West e Ron Artest durante Lakers-Mavericks nel 2012 (Getty Images)

Dopo l’ultima esperienza a Dallas, West non tornò più in NBA e per alcuni anni cercò di tirare fuori quello che poteva dalla fase discendente della sua carriera. Andò a giocare nei campionati minori nordamericani, poi per due stagioni in Cina e infine in Venezuela, dove firmò un contratto nel campionato locale ma non giocò nemmeno una partita.

Senza l’impegno del basket — a sua detta la passione che lo teneva sulla «buona strada» — i disturbi accertati in età adulta, ereditati o aggravati dai disagi vissuti durante l’infanzia, si manifestarono in un progressivo crollo psicofisico. In alcune interviste date in passato West aveva raccontato di aver vissuto un’infanzia «felicemente povera», ma anche di aver frequentato ospedali psichiatrici e di aver iniziato presto con le droghe. Quando nel 2008 gli fu diagnosticato il bipolarismo, non lo prese troppo sul serio: si riteneva perlopiù sopraffatto e stressato dai ritmi dello sport professionistico.

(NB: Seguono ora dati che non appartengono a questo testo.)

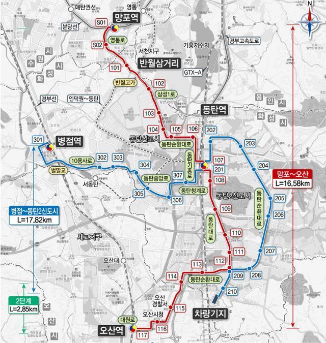 경기 화성시 '동탄트램' 노선도. 화성시 제공

Negli ultimi anni di carriera divorziò, si risposò ed ebbe due figli. Dal 2015 al 2016 di lui non si seppe più nulla fino a quando non fu visto vagare per Houston senza scarpe, vestito con un camice da ospedale. Chi lo incontrò gli chiese se era veramente Delonte West, e lui rispose: «Lo ero, nella mia vita precedente». Nello stesso anno fu visto elemosinare a Temple Hill, nel Maryland, ma all’epoca negò di essere finito per strada.

Da anni West vive vagando per gli Stati Uniti, è stato arrestato più volte e i suoi video mentre chiede «qualche dollaro» agli automobilisti a Washington, in Texas, in Georgia o in Florida si ripresentano ciclicamente online e sui social network.

West in uno dei video girati di recente

Dopo averlo perso di vista per alcuni anni, conoscenti ed ex compagni di squadra ebbero nuovamente sue notizie nel 2020, quando uno di questi video iniziò a circolare. Erano due riprese diverse. In una West era accasciato a terra in mezzo a una strada e veniva picchiato brutalmente da un’altra persona. Nell’altro era seduto sul ciglio della strada e delirava ammanettato dopo l’arrivo della polizia.

Il video spinse il proprietario dei Dallas Mavericks, Mark Cuban, a rintracciarlo per offrirgli una sistemazione e un percorso di cura in una clinica in Florida, per la quale avrebbe lavorato fino allo scorso anno. Di recente è anche tornato a giocare brevemente in un torneo di basket a tre, ma negli ultimi mesi sono tornati a circolare alcuni video di passanti che lo hanno visto chiedere l’elemosina, tra la Virginia e il Texas.

West non si nasconde più, e quando è nelle giuste condizioni parla apertamente. Nei video che si trovano online appare decisamente meglio di come era stato trovato due anni fa, anche se fisicamente provato e un po’ sbattuto. In uno di questi video ha parlato per qualche minuto di sé stesso con una famiglia che lo aveva riconosciuto in una stazione di servizio a Houston con una coperta in spalla, dicendo:« Ho giocato nella stessa squadra di LeBron James per tre anni, a Cleveland. Mi sono preso cura della mia famiglia, ho pagato case e studi a tutti. Ora sono per conto mio e non voglio nulla in cambio».